Grilled sea bass donburi

I had some bass left over from another dish I made, so I dropped it in some all-purpose Japanese marinade and turned it into this donburi.

There’s a layer of dashi tamago (japanese style scrambled eggs) between the rice and the bass that adds some sweet richness to the dish and the sansho (a.k.a. sichuan pepper) powder on top adds an herbal kick. This works best with an oily fish like sea bass or salmon, but you could use other fish as well if you’re looking for something lighter.

cooked rice

for grilled bass
1 batch of Japanese marinade
2 pieces of fish with high oil content (sea bass, yellow tail, salmon)

for dashi tamago
2 eggs
3 tsp concentrated dashi
1/8 tsp kosher salt
1 tsp Mirin
1 heaping tsp sugar

Marinate the fish in the Japanese marinade overnight.

Prepare some rice.

Grill the fish either over a barbeque or in a broiler until cooked and the marinade has caramelized to form a deep mahogany finish on the surface of the fish.

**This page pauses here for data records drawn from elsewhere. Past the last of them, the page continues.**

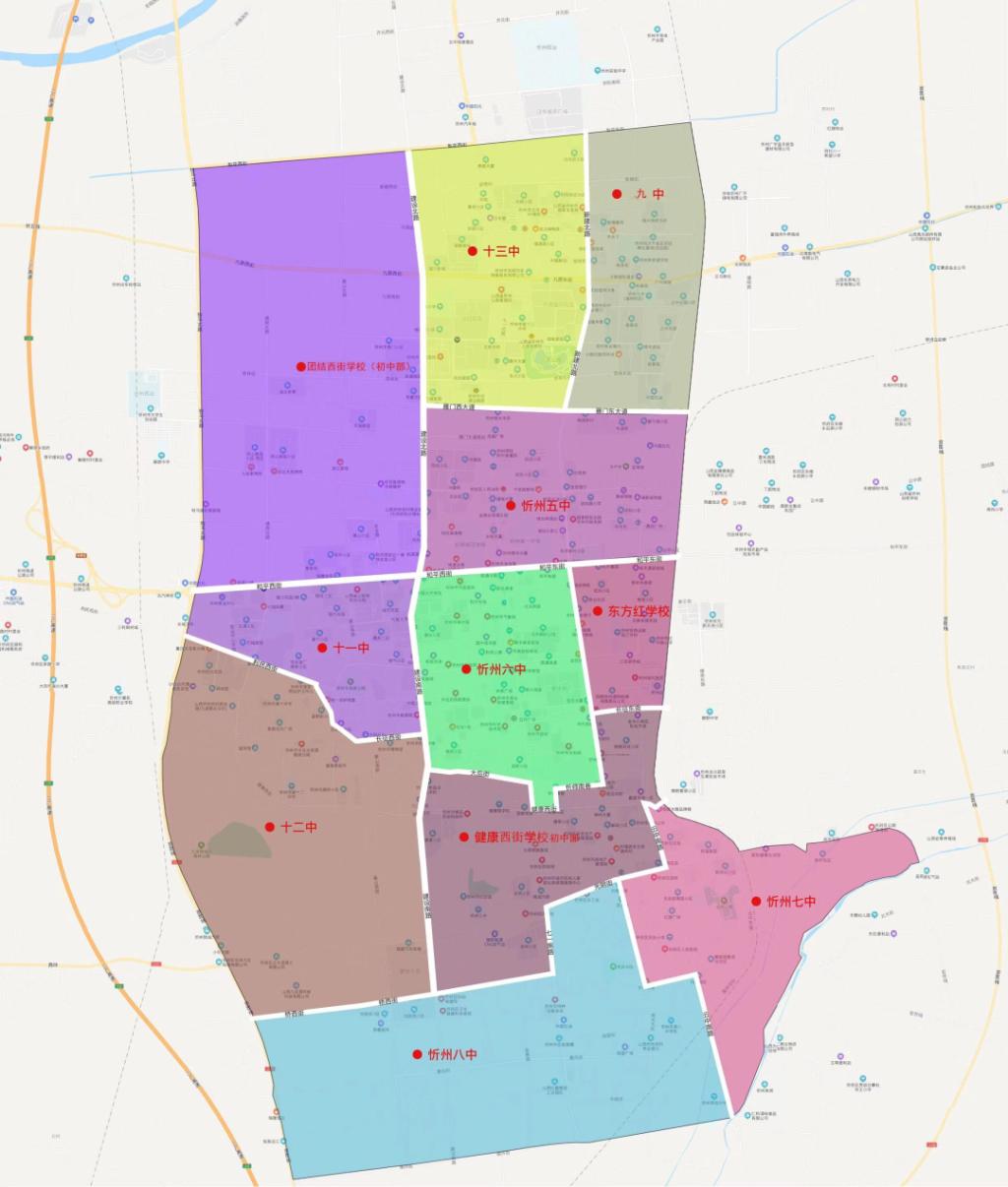 忻州市城區(qū)初中學(xué)校服務(wù)范圍圖
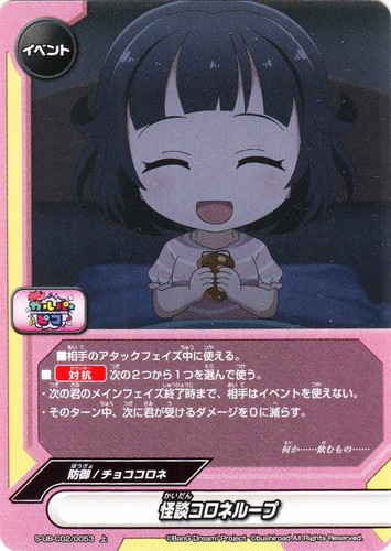 ![]() ![]() | S-UB-C02/0053 怪談コロネループ イベント 神バディファイト アルティメットブースタークロス 第2弾 BanG Dream! ガルパ☆ピコ 上 ワールド:BanG Dream! ガルパ☆ピコ 属性:防御/チョココロネ ■相手のアタックフェイズ中に使える。 ■【対抗】次の2つから1つを選んで使う。 ・次の君のメインフェイズ終了時まで、相手はイベントを使えない。 ・そのターン中、次に君が受けるダメージを0に減らす。 何か・・・・・・飲むもの・・・・・・ 作品名:BanG Dream! ガルパ☆ピコ |
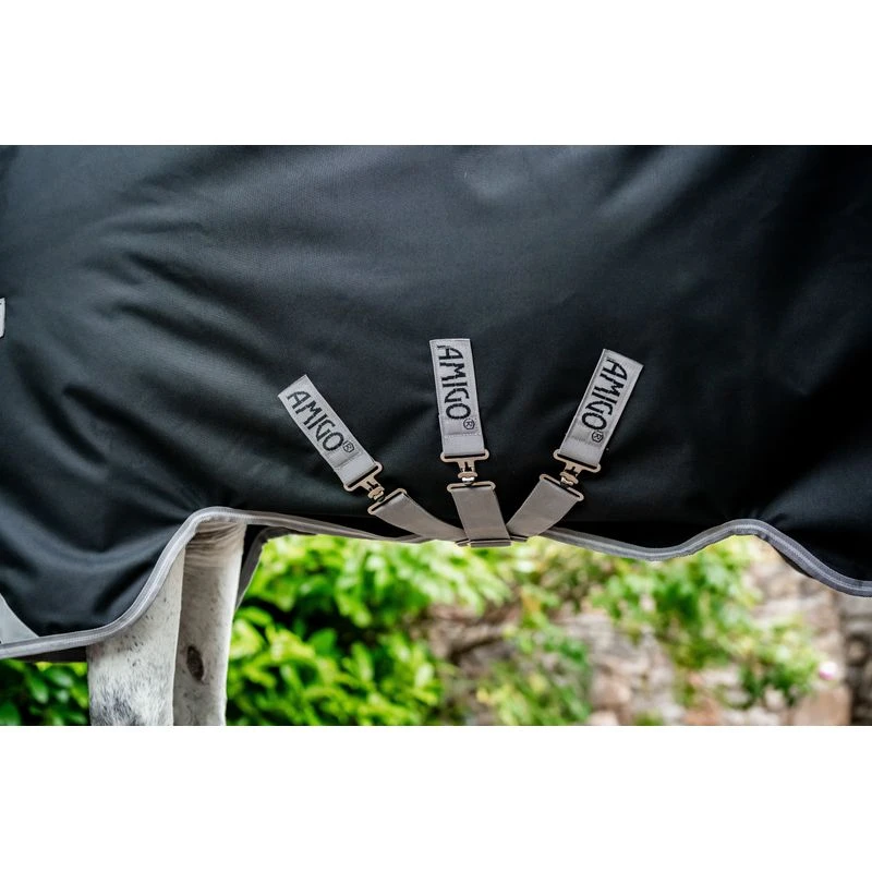 This original Wug Turnout offers a high cut neck design that is perfect for a narrow horse with high withers, giving a snug fit and eliminating wither pressure. Features include a V-Front closure for freedom of movement to graze, a strong waterproof and breathable 1200D polyester outer, front and rear leg arches to maintain freedom of movement while allowing the rug to stay secure, three surcingles offer additional belly coverage, reflective strips for increased visibility, and shine enhancing polyester lining.
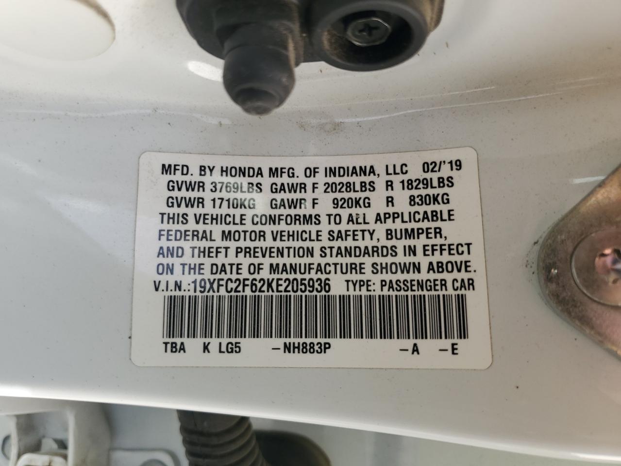 - ВИН: 19XFC2F62KE******
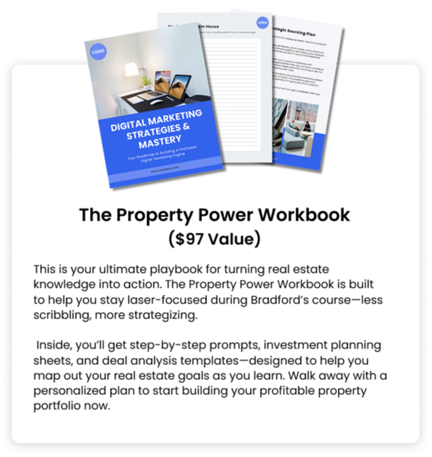 This is your ultimate playbook for turning real estate knowledge into action. The Property Power Workbook is built to help you stay laser-focused during Bradford’s course—less scribbling, more strategizing.

For the dashi tamago, whisk the ingredients together, heat a non-stick pan over medium heat until hot. Swirl a bit of oil around then add the egg. Turn down the heat to medium low and use a heat-proof silicon spatula to scrape up the cooked egg from the bottom. Let another layer cook then scrape it up too. Repeat until you have big fluffy curds of egg that are still a little wet (it will be fully cooked by the time you plate it).

Put some cooked rice down in a bowl, layer some egg on top and set the fish on top of the egg. Garnish with a sprinkle of powdered sansho and some green shiso.